Decision Support Model for Time Series Data Augmentation Method Selection

Published: 01 Jan 2024, Last Modified: 02 Aug 2025IEEE Access 2024EveryoneRevisionsBibTeXCC BY-SA 4.0
Abstract: Data augmentation (DA) plays a crucial role in machine learning by improving model generalization and tackling data scarcity issues, particularly prevalent in domains with limited access to sensitive information or rare events. Despite the availability of various DA techniques for handling imbalanced time-series classification (ITSC) problems, there is a lack of comprehensive guidelines for selecting the most appropriate technique based on input data features and the chosen classifier. This paper empirically demonstrates the limitations of conventional data balancing practices through experiments conducted on 720 ITSC datasets, using 7 classifier architectures and 6 DA techniques (TimeGAN, SMOTE, ADASYN, Random Oversampling, Jittering, Time Warping).

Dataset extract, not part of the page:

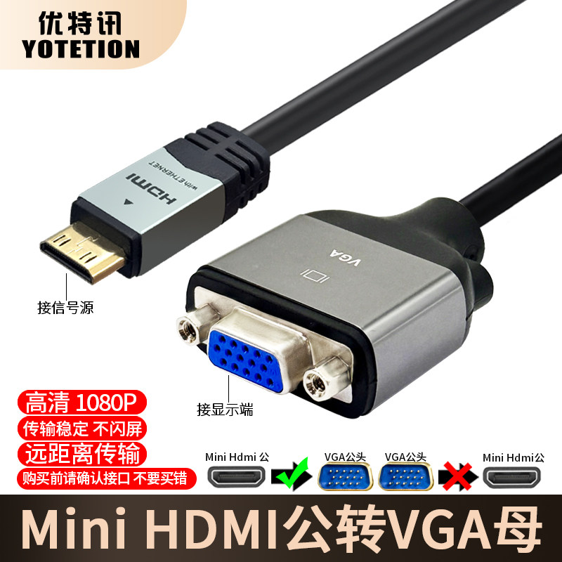 优特讯VGA转Mini HDMI线 笔记本台式机工控机接便携显示器视频线

Our study not only explores the relationship between DA techniques and the inherent characteristics of ITSC datasets and classifiers but also introduces a novel ML-based decision support system, BALANCER (imBALanced AugmeNtation reCommendER), which has been trained based on empirical data to offer an automated approach for ML practitioners to select the most appropriate DA method for their own/specific application. BALANCER’s recommendation model comes with a prediction of the performance enhancement that is expected from data balancing using the recommended method. Evaluation of BALANCER against traditional mean rank recommendations reveals significant improvements, with BALANCER achieving an average Kendall’s tau of 0.36 (compared to −0.01 for traditional mean rank recommendations) and a root mean square error of $1.5\times 10^{-2}$ on individual predictions. The reasons behind the notable disparity in results between the mean rank recommendation strategy and BALANCER are analyzed using eXplainable AI (XAI), demonstrating that BALANCER can uncover deeper and more complex feature interactions compared to a mean rank recommendation-like strategy.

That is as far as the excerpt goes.